Don’t know about you but queuing for the lift while my heart is still half asleep is not my idea of rest. This is why we don’t hurry in the morning – we still get four, five hours up in the mountain, getting up and down a hill.

Still today was different! When I got in the gondola and looked down I saw people standing at the bottom of the ski run.

And I remembered; remembered standing with these people in the winter of 2011.

I have mentioned before that when we had a pile of debt, we didn’t stop doing things and we just learned to do them differently.

In February 2011 two things happened: I got to know Tim Ferriss and we still came to Bansko skiing.

We didn’t book a package holiday; we flew to Sofia, spent there several days in our apartment. Then rented a car and drove to the house of a friend – it is 8 km from the ski lifts.

We rented skiing equipment, we hired a snowboard instructor for our son and…we had still spent less than half of what a package skiing holiday would have cost us. There was one problem – the ski passes for the three of us would have set us back by about £80 per day.

I wasn’t going to pay that! And Tim Ferriss helped me not to do that.

You know how in the ‘4-hour Workweek’ Tim mentions that if we are to succeed we ought to leave our comfort zone regularly and do some weird stuff? Like go to a shopping mall and ask absolute strangers for their phone numbers?

I didn’t get that far but…

…for the first time in my life I worked out what the people at the end of the snow run were doing. They stand there at about 11.30 when the serious skiers are already coming back asking to buy their day passes.

You see, in the morning you can’t buy a half day pass; you can do this at lunch time but it is still much more expensive than paying half price to buy someone’s day pass.

I figured it’s worth a go; it’s a win-win. The person coming back recoups half of the price they paid for their pass and I get our passes cheap. The only one in loss is the company operating the resort and I reckon they make a healthy profit.

And for me this was a Tim Ferriss moment of getting outside my comfort zone.

I did it! I managed to get passes for all three of us every day of our holiday. And you know what? This is when I knew that I’ve broken my financial boundaries; that I’ll manage to pay off the debt and turn around our financial fortunes.

Standing at the end of the snow run wasn’t about, or wasn’t only about, getting our ski passes cheap. It was about leaving my financial comfort zone.

Before that I wasn’t comfortable about talking about money. You may have noticed that this was before The Money Principle. In fact, without our skiing holiday in 2011 The Money Principle may not have existed.

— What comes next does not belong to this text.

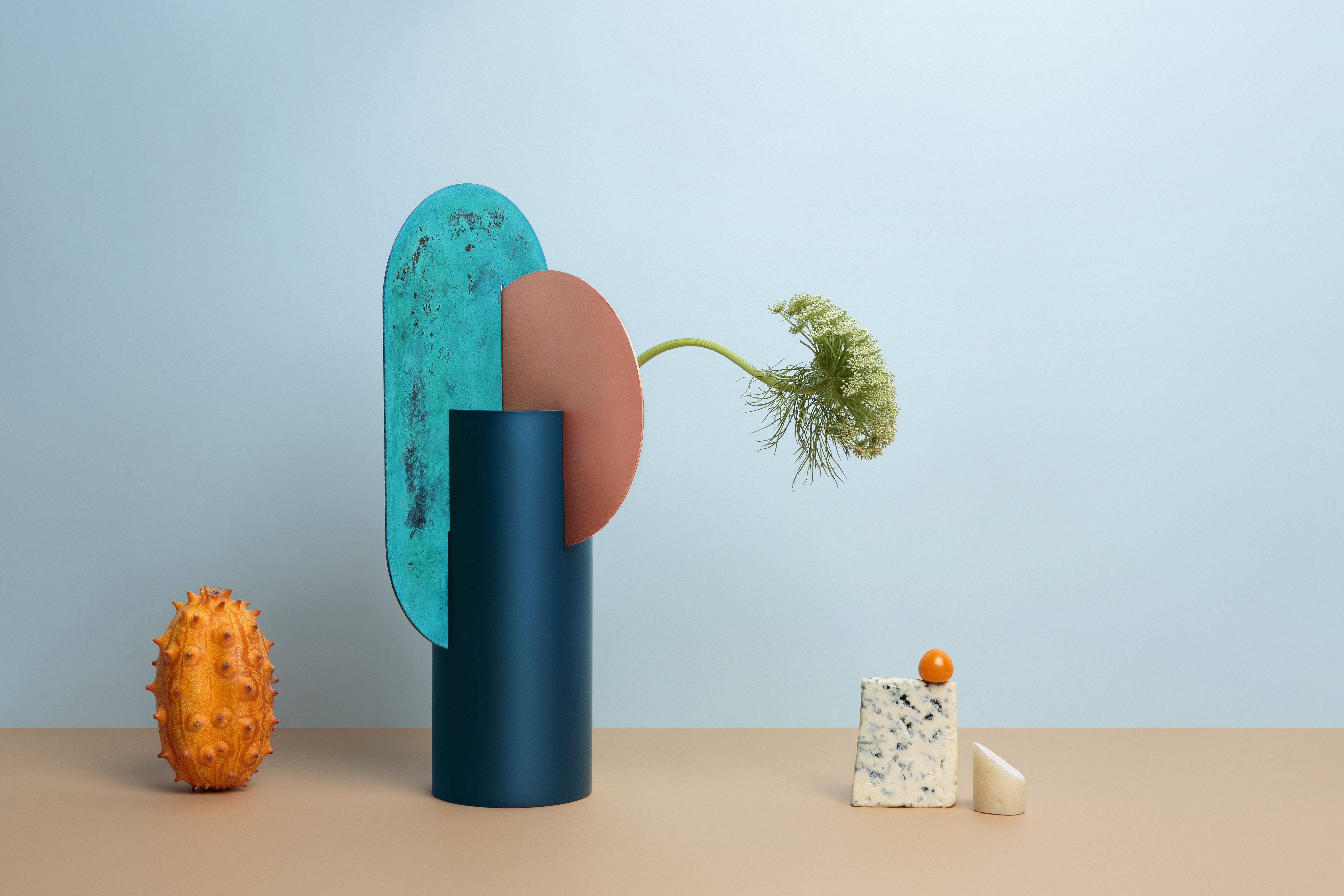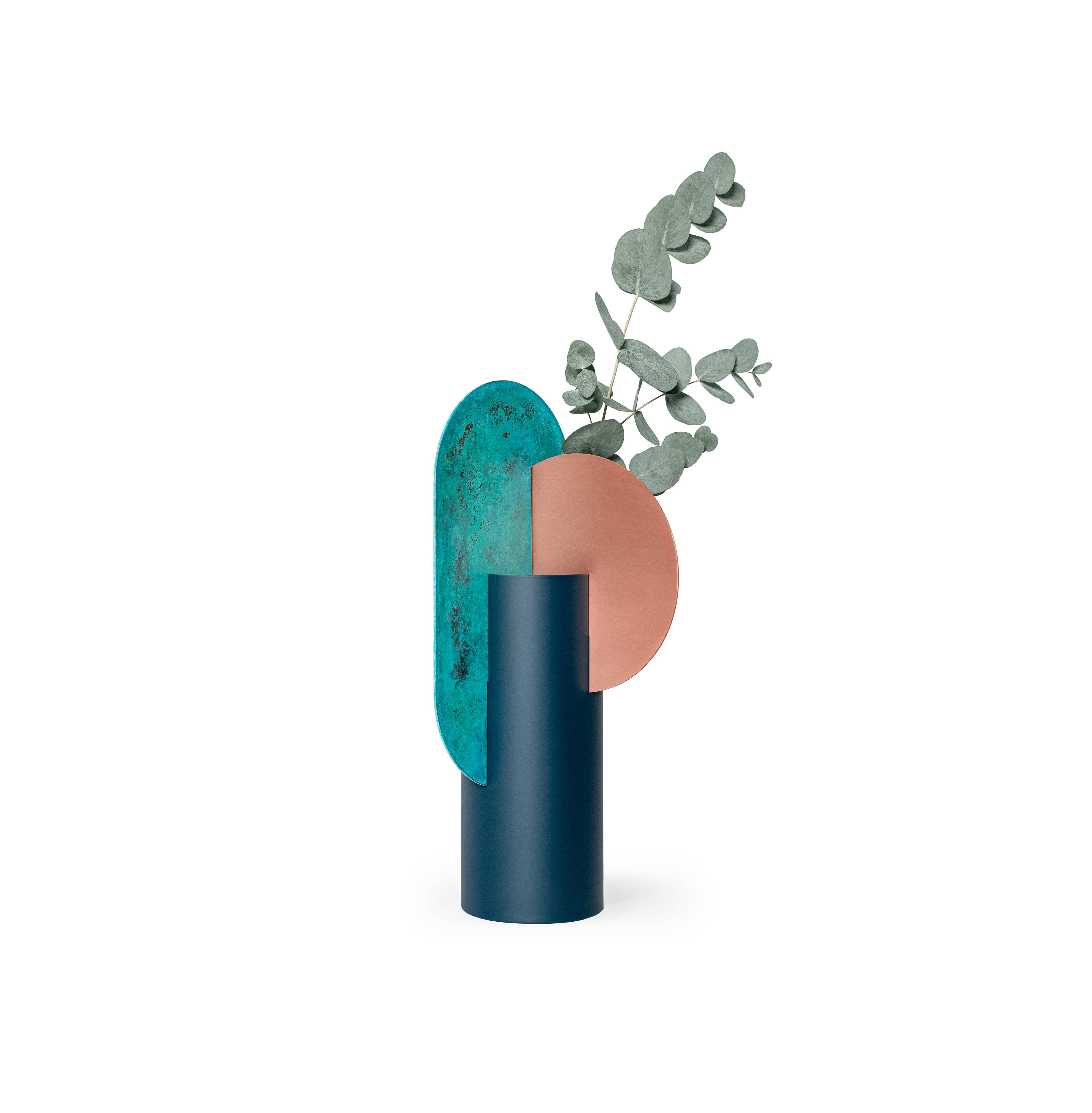 Váza YERMILOV - ČÍSLOVANÁ EDICE zelená s měděným a oxidovaným mědí

Asking to buy ski passes was a small action through which I broke my financial boundaries and left my comfort zone forever. Everything I’ve done after that is easy in comparison.

Today I wasn’t asking for ski passes – this time we are doing this the ‘normal’ way.

If you think that I am not challenging these financial boundaries again and again you’ll be wrong. Everything I’ve bought here, I’ve got at least 10% discount for; and in most of the cases I asked.

How about that!

What are your financial boundaries and what have you done to break them?

photo credit: ab.photo via photopin cc

1 thought on “How Tim Ferriss and skiing helped me break my financial boundaries”

  1. I don’t think I have any financial boundaries! All I ever did was ask questions of others or myself to get the best value. It is rare that I need something right now, so I have time to find a lower price. Patience is a great financial attribute!